I am absolutely disgusted with DS school.

This morning DS came runnin in with a photograph of his class that his friend had given him.

It was meant for DS and had his name on the back and they had asked his friends mum to pass it on.

Its a photo of DS class, Head Teacher, Teacher and class room assistants and pupils all of whom DS has been with in the same class since reception and he is now 9.

The reason im disgusted?

DS is not on the photo and we were never asked to bring him in to have it done and on the last day of term there was a big party for the whole school, pupils and parents and siblings as it is closing down and DS was not invited.

"why am i not on the photo mum and why wasnt i invited to the party?"

Why could they have not told us about the party on Thursday when we had the meeting with them?
They know that 6 boys from DS class live on our street and Ds plays out with them and all they were talking about last night was the party.

How can they treat DS in this way?
Its not his fault he hasnt been in school.

Im very very angry

OP posts:
reiver · 16/07/2006 15:12

It's bad enough not inviting him to the party and to the photo session but I'm gobsmacked that they could then be so insensitive as to send you a copy of the photo! Whatever the politics of the situation how can they be so unkind/unfair to a child?
I'm not surprised you are angry .....think that's putting it mildly,jenk. The sooner you get him sorted at that new school the better.

Piffle · 16/07/2006 15:16

the shower of bastards
I'd be so riled!
That is terrible, they should explain to ds why...
I am so sad for him jenk

jenk1 · 17/07/2006 09:02

Thanks for your messages, yesterday the more i thought about it the angrier i got.
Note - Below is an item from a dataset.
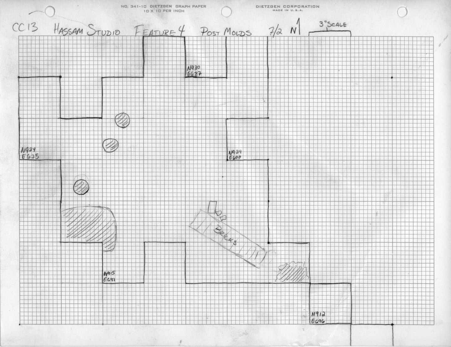 Map of Hassam studio findings, 1998 Archaeological Dig Collection, Lyme Historical Society Archives at the Florence Griswold Museum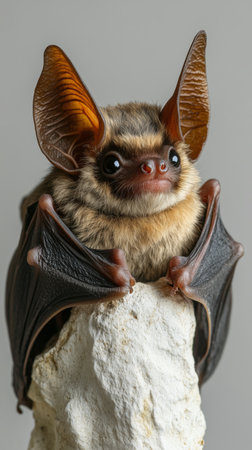 This adorable bat sits on a rock, showcasing its fluffy fur and oversized ears. Its bright eyes reflect curiosity and charm, making it a fascinating sight.

It has been done deliberately as the Head teacher is off now to pastures new, and why not give me the photo on Thursday?

I feel sorry for DS because he likes his friends from his school, im taking him out in a bit when his tutors gone and im going to spoil him with his dinner wherever he wants and a comic and let him loose in the pound shop

OP posts:
schnapps · 17/07/2006 09:25

Sorry jenk1, I'm not familiar with your situation. Why was your son not at school? Does he attend part-time?

jenk1 · 17/07/2006 20:31

Hi schnapps, DS has been out of school since Nov last year, this is due to a combination of him being bullied which has brought on severe anxiety and panic attacks, soiling himself, self harming you name it and he also has Asperger Syndrome and possible Dyspraxia.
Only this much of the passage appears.